US Concerned as Drug-resistant Bacteria Tied to Indian Eye Drops Pose Person-to-person Transmission Risk

The United States Centers for Disease Control and Prevention (CDC) has expressed concerns over a drug-resistant bacteria that have been found in eye drops and ointment imported from India, stating the spread from person to person could gain a foothold in the health facilities in the country, a New York Times report said on Monday.

The Food and Drug Administration and the Centers for Disease Control and Prevention (CDC) has issued an advisory against the use of EzriCare Artificial Tears, a product by Chennai-based Global Pharma Healthcare, warning that they may be linked to an outbreak of ‘Pseudomonas aeruginosa.’

According to the CDC website, the outbreak of the particular strain, which is associated with multiple types of infections, including eye infections, has never been reported in the United States before.

The infection has been detected in 37 patients linked to four healthcare facility clusters. Three people have died and there have been 8 reports of vision loss and 4 reports of enucleation (surgical removal of eyeball).

The NYT cited Maroya Walters, lead investigator for the CDC’s antimicrobial resistance team, who noted that the bacteria is more drug-resistant than a similar bacteria that the CDC tends to see in about 150 cases per year, mostly in intensive-care settings. The spread of the newest strain “really could change the outlook for that,” the expert said.

The bacteria Walters referred to was the Pseudomonas bacteria which can cause infections in the blood, lungs or other parts of the body after surgery. According to a 2019 CDC report, the multi drug-resistant bacteria causes an estimated 32,600 infections among hospitalized patients and 2,700 estimated deaths in the US a year.

Dr David van Duin, an expert in infectious diseases at the University of North Carolina School of Medicine said Pseudomonas are resistant to treatment and particularly challenging to eliminate. The bacteria persist stubbornly in healthcare facilities, where it adheres firmly to sink drains, water faucets, and other damp areas. Furthermore, it is difficult to eradicate from patients who develop bloodstream infections. “It’s very hard to get rid of,” he said.

The cases associated with the eyedrops have largely been contained due to the product recall. Additionally, the FDA had also announced the recall of Delsam Pharma’s Artificial Eye ointment, which was made in the same factory as the eyedrops, due to the risk of possible similar contamination.

The FDA blocked Global Pharma’s imports, saying the company had provided “an inadequate response to a records request” and violated manufacturing rules.

The FDA also conducted an unannounced inspection at the India plant from February 20 through March 2 and found “a litany of problems with the plant’s sterility practices”, the report states citing an inspection report published by STAT news.

The Indian government also conducted raids at the units Global Pharma Healthcare on February 3. The company had in a statement said it was recalling all its products due to possible contamination. Global Pharma Healthcare is “voluntarily recalling all lots within expiry of their Artificial Tears Lubricant Eye Drops, distributed by EzriCare, LLC- and Delsam Pharma, to the consumer level, due to possible contamination,” it said in a statement.

Speaking on the current focus of the CDC, Dr Walters said it is asking doctors to work with public health labs to determine the genetic fingerprint of hard-to-treat Pseudomonas infections in the eye and throughout the body. “I think we are going to see the impact of this play out over the course of months to years,” Dr Walters said.

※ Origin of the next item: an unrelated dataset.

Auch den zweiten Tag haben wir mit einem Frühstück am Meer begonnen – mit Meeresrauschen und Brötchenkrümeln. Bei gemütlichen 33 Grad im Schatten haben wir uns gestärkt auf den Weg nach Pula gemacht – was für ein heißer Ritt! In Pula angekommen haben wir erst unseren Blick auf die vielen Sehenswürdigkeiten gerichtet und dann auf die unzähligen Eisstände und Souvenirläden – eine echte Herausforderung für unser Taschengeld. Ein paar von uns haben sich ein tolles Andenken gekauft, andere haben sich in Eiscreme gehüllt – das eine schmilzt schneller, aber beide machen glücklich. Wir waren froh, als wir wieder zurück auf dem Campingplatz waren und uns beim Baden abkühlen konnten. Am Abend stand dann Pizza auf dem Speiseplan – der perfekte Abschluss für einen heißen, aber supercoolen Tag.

The CDC has advised patients who have used EzriCare or Delsam Pharma’s artificial tears and who have signs or symptoms of an eye infection to seek immediate medical care. “At this time, there is no recommendation for testing of patients who have used this product and who are not experiencing any signs or symptoms of infection,” the website states.

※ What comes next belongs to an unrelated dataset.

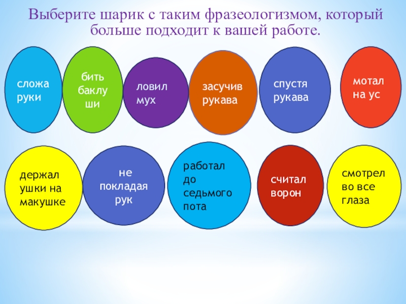 Слайд 13Выберите шарик с таким фразеологизмом, который больше подходит к вашей работе.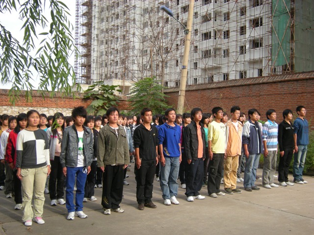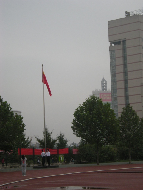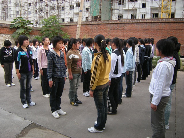 图1:9月7日早8时,在经过将近一个小时的首次晨训后,我们的教官、物理系

Eye infection symptoms may include:

  • Yellow, green, or clear discharge from the eye
  • Eye pain or discomfort
  • Redness of the eye or eyelid
  • Feeling of something in your eye (foreign body sensation)
  • Increased sensitivity to light
  • Blurry vision

Dr Vicente Diaz, chief of ophthalmology at Yale Health Plan in Connecticut said the infections evading the “big gun” antibiotics had alarmed experts. The infectious diseases specialist worries that if doctors use ineffective antibiotics for too long or wait to culture a bug, “that gives the bacteria more time to multiply and get more aggressive,” he said.